Weber noted that data from the trial showed an early OS benefit for patients who received dabrafenib/trametinib first, but the survival curves crossed around month 8 or 9. Ultimately, patients who received nivolumab/ipilimumab first achieved a 3-year OS rate of 66.2% (95% CI, 56.0%-74.6%) compared with 42.8% (95% CI, 32.9%-52.4%) for those given dabrafenib/trametinib first (log rank P = .0095).4
“This essentially puts to rest the idea that you could either give a BRAF [inhibitor] plus a MEK [inhibitor] or immunotherapy first. In my practice, I will continue to prefer to give immunotherapy first,” Weber explained. “The one caveat...if someone presents with high lactate dehydrogenase, rapidly progressive bulky disease, and they are BRAF mutated, I will probably give them 8 to 12 weeks of BRAF/MEK, then I’ll switch them to nivolumab/ipilimumab [irrespective of disease progression. However], that is a different question not addressed in this trial.”
Following the positive data from the phase 2/3 RELATIVITY-047 trial (NCT03470922) and the FDA approval of relatlimab plus nivolumab (Opdualag) for the treatment of adult and pediatric patients who are 12 years or older and who have unresectable or metastatic melanoma in March 2022, the combination may replace single-agent PD-1 blockade, according to Weber.5
RELATIVITY-047 randomly assigned patients with previously untreated, unresectable or metastatic melanoma 1:1 to receive 480 mg of nivolumab once every 4 weeks with or without 160 mg of relatlimab. The combination elicited a median progression-free survival (PFS) of 10.22 months (95% CI, 6.51-14.75) compared with 4.63 months (95% CI, 3.48-6.44) for nivolumab alone (HR, 0.78; 95% CI, 0.64-0.94).6
Additionally, the combination produced a median OS that was NR (95% CI, 34.20-NR) vs 34.10 months (95% CI, 25.23-NR) for nivolumab alone (HR, 0.80; 95% CI, 0.64-1.01; P = .0593).
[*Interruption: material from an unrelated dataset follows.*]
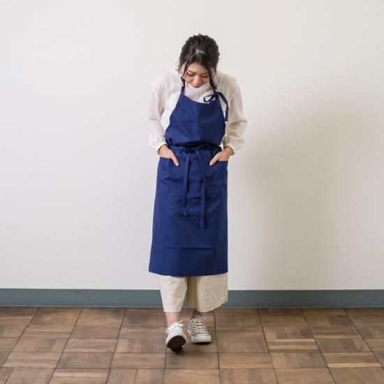 飽きのこないシンプルスタイルなエプロン。パンツスタイルにもスカートスタイルにもグッドマッチ
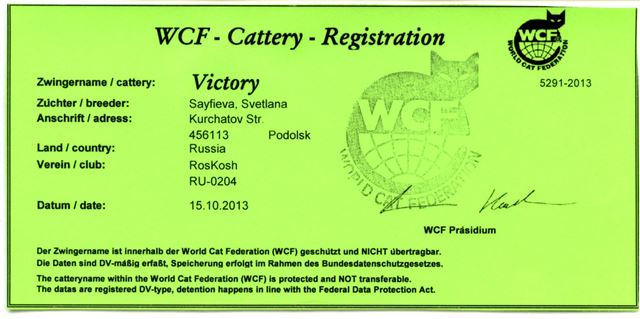 Питомник находится в Подольске — самом большом городе Московской области, и зарегистрирован по системе WCF 15.10.2013 г., номер 5291-2013.

“TRAEs of grade 3/4 are [approximately] doubled from 11.% [with nivolumab alone] to 21.1% [for relatlimab/nivolumab], and the discontinuation rate goes up [with relatlimab],” Weber said. “So yes, [relatlimab plus nivolumab] is more toxic, but it is still within what I would consider reasonable bounds.”
Weber pointed to tumor-infiltrating lymphocytes (TILs)as the next possible advancement in the treatment paradigm for metastatic melanoma. Data from the phase 2 C-144-01 trial (NCT02360579) showed that among 62 patients treated with lifileucel (LN-44), 81% experienced a reduction in tumor burden.7
Furthermore, data from the phase 3 M14TIL trial (NCT02278887), which evaluated patients with metastatic melanoma who received no more than 1 prior line of therapy and no prior ipilimumab, showed that those treated with TIL therapy experienced a median PFS of 7.2 months (95% CI, 4.2-13.1) and a 6-month PFS rate of 52.7% (95% CI, 42.9%-64.7%).8 Those given single-agent ipilimumab had a median PFS of 3.1 months (95% CI, 3.0-4.3) and a 6-month PFS rate of 21.4% (95% CI, 14.2%-32.2%).
“This has gone to the FDA. We hope that this will get approved in the next few months, and the survival curve of TIL [therapy] vs ipilimumab is also better, but again, very immature without a real P value,” Weber concluded.